Винцентий. А я расставлю силки на кузнечиков. Ополчусь на сверчков.
   Лаврентий. Я буду ловить лягушек.
   Бартол. А я — бабочек.
   Лаврентий. За летучими тварями охотиться трудно.
   Бартол. Да, трудно, зато прекрасно. Или, может, по-твоему, прекраснее охотиться за червями и улитками, раз у них нет крыльев?
   Лаврентий. Я предпочитаю удить рыбу. У меня отменный крючок.
   Бартол. А наживку откуда возьмешь?
   Лаврентий. Червей повсюду тьма!
   Бартол. Конечно, да только захотят ли они выползти к тебе из земли?
   Лаврентий. Ну, я живо устрою так, что они тысячами будут выскакивать!
   Бартол. Каким образом? Колдовством?
   Лаврентий. Сейчас сам увидишь. Налей в этот ковш воды. Теперь насыпь зеленой скорлупы грецких орехов, только сперва истолки ее помельче. Теперь полей землю этой водою. Видишь, как полезли?
   Бартол. Поразительно! Так, должно быть, когда-то поднимались воины[60] из посеянных в землю змеиных зубов! Но рыбы большею частью слишком разборчивы да привередливы, чтобы ловиться на такую грубую наживку.
   Лаврентий. Я знаю одну породу насекомых, на которую идут и привереды.
   Бартол. Ну, что ж, ты проверь, сумеешь ли надуть рыб, а я растревожу лягушачье царство.

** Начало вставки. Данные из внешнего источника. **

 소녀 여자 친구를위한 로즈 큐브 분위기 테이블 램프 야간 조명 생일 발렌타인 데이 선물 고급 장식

   Лаврентий. Чем? Сетями?
   Бартол. Нет. Луком.
   Лаврентий. Не слыханный прежде способ!
   Бартол. Зато какой веселый! Вот увидишь, ты согласишься со мною.
   Винцентий. А что, если нам вдвоем пока сыграть в пальцы[61]?

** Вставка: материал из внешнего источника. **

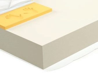 Un modelo de presupuesto, cuyos lados tienen diferente rigidez. Uno está hecho de espuma anatómica con textura ondulada para un sueño cómodo. El otro es más duro, hecho de una combinación de coco y espuma. Las capas están conectadas sin pegamento, lo que garantiza que el producto sea natural e hipoalergénico.

   Павел. Это игра вялая и тупая. Такая забава годится, когда бездельничаешь подле очага, а не когда выйдешь за город.
   Винцентий. Тогда, пожалуй, сразимся в орехи?
   Павел. Орехи оставим малым ребятам, а мы уж подростки.

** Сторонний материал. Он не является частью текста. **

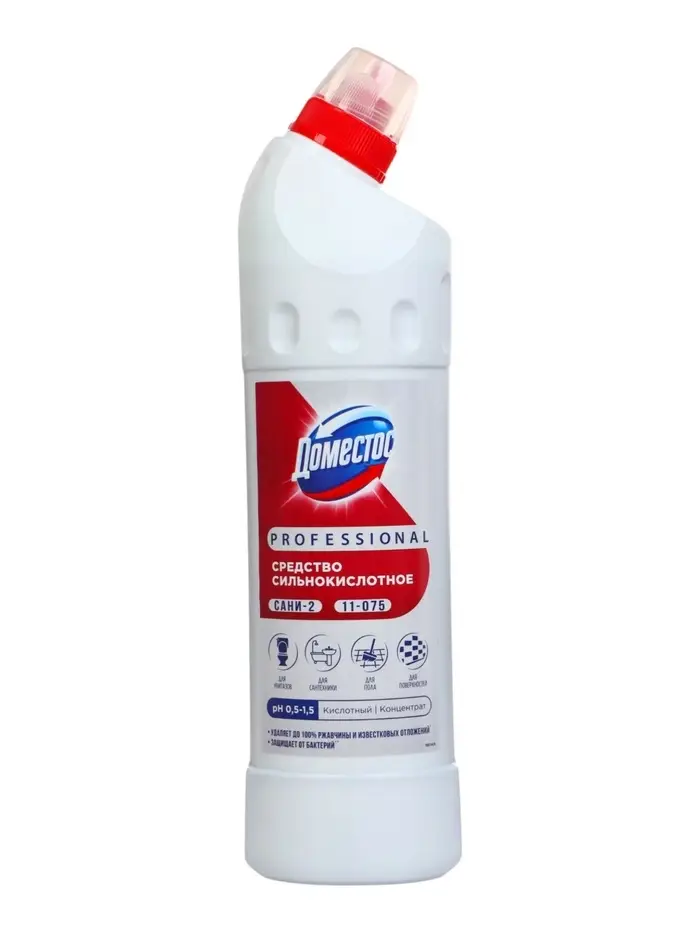 Сильнокислотное чистящее средство Domestos — это мощный специализированный продукт для глубокой очистки и удаления сложных минеральных загрязнений в ванной комнате и туалете. Оно эффективно справляется с известковым налётом, ржавчиной, мочевым камнем и другими стойкими отложениями, возвращая поверхностям чистоту, гладкость и гигиеническую свежесть.

   Винцентий. А все ж мальчишки, и ничего больше!
   Павел. Ну, кому прилично играть в орехи, тому и верхом на палочке скакать прилично.
   Винцентий. Тогда выбирай игру ты; что ты ни предложишь — я заранее согласен.
   Павел. И я больше спорить с тобою не стану.

Перед школою

Сильвий. Иоганн
I
   Сильвий. Почему ты бежишь сломя голову, Иоганн?
   Иоганн. Шкуру свою спасаю, как говорится.
   Сильвий. При чем здесь шкура?
   Иоганн. А при том, что если я не поспею вовремя, — пока еще не прочли список, — с меня не одну а семь шкур спустят.
   Сильвий. Ну, тогда тебе не о чем тревожиться. Пятый час едва миновал. Взгляни на часы: стрелки еще не коснулись отметки между пятым и шестым.
   Иоганн. Не очень-то я верю часам — врут они постоянно.
   Сильвий. Хорошо, поверь мне: я слышал голос колокола.
   Иоганн. И что же он говорил?
   Сильвий. Пробил пять.
   Иоганн. Но есть и еще причина для страха. Надо прочитать на память вчерашний урок, очень длинный, а я едва ли сумею.
   Сильвий. Эта опасность не твоя, а общая. Я тоже помню по урок неважно.
   Иоганн. А ведь ты знаешь, какой свирепый у нас Учитель. Он бы каждую провинность карал смертью. Так отхлещет, словно бы зады наши обтянуты бычьею кожей.
   Сильвий. Но его не будет в школе.
   Иоганн. А кого он оставил вместо себя?
   Сильвий. Корнелия.
   Иоганн. Этого косоглазого? Бедные наши ягодицы! Он до того драчлив, что и самого Орбилия[62] посрамит.
   Сильвий. Да, правда, и я часто молюсь, чтоб у него рука отнялась.
   Иоганн. Это нехорошо — проклинать учителя. Скорее самим надо остерегаться, чтобы не попасть в лапы к тирану.
   Сильвий. Давай почитаем друг другу. Один будет говорить, другой — следить по книге.
   Иоганн. Прекрасная мысль!
   Сильвий. Успокойся, соберись с духом. Страх отшибает память.
   Иоганн. Я бы легко стряхнул с себя робость, да ведь опасность какая! В этакой крайности кто сохранит присутствие духа?
   Сильвий. Конечно. Но все же рискуем мы не головою, а как раз противоположною частью.
II
Корнелий. Андрей
   Корнелий. Водить пером ты умеешь, но у тебя бумага протекает: влажновата она, вот чернила и расплываются.
   Андрей. Пожалуйста, очини мне это перо.
   Корнелий. Ножа перочинного нет.
   Андрей. Вот, возьми.
   Корнелий. Да он совсем иступился.
   Андрей. На тебе точильный камушек.
   Корнелий. Как ты любишь писать — чтоб остриё потверже было или помягче?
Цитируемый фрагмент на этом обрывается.